WORLD SOCIALIST WEB SITE

Joseph Mobutu of Congo (right) with United States President John F. Kennedy at White House, 1963

On November 25, 1965, Congolese military strongman Joseph Mobutu ousted the government of President Joseph Kasavubu in a bloodless, CIA-backed coup. Mobutu declared himself president, announced that the constitution would be altered to make the coup legal, that all political parties would be outlawed for five years, and that elections scheduled for the spring would be cancelled.

The Congo was at the beginning of a brutal dictatorship that would last until 1997. A US proxy in the struggle against liberation movements in southern Africa, Mobutu ruled the former Belgian colony, which he renamed Zaire, on behalf of western mining concerns, which raped the region of its immense mineral wealth and left behind one of the poorest countries in the world. Mobutu personally looted between $4 billion and $15 billion from the Congolese economy.
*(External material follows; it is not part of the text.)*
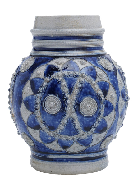 | 5c decoratie | ingekrast geometrisch bloemmotief met kleine bloemappliques in slingers, daartussen stempels blauw |
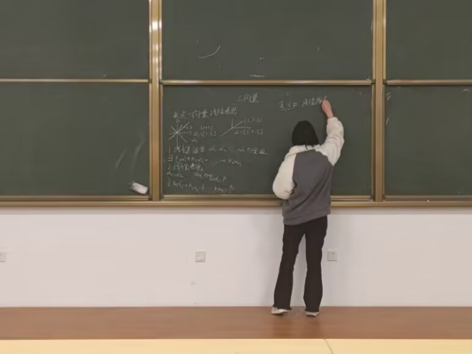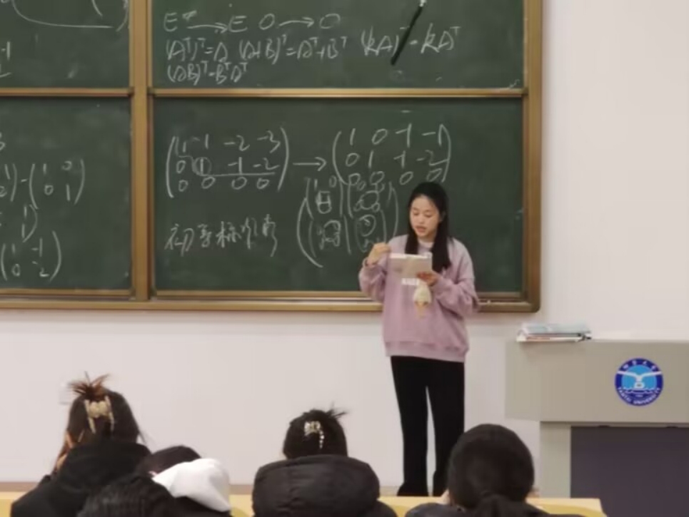 图为学生讲师应221-1班林诺瑶在讲线性代数。

Mobutu, 35 at the time of the coup, had been pegged early by the CIA and the US State Department as an ally. Patrice Lumumba, the first prime minister of the Congo when it gained independence from Belgium in 1960, appointed Mobutu as army chief of staff, unaware that the latter was a paid Belgian agent. Mobutu removed Lumumba from office in September 1960, and, in November, handed him over to secessionist forces under Moise Tshombe, who murdered the elected prime minister with the backing of the Eisenhower administration.

Mobutu, promoted in 1961 to major general by Kasavubu, fashioned himself as an anti-communist and received major support from the CIA and the US military as he fought against multiple rebellions and secessionist movements over the next four years.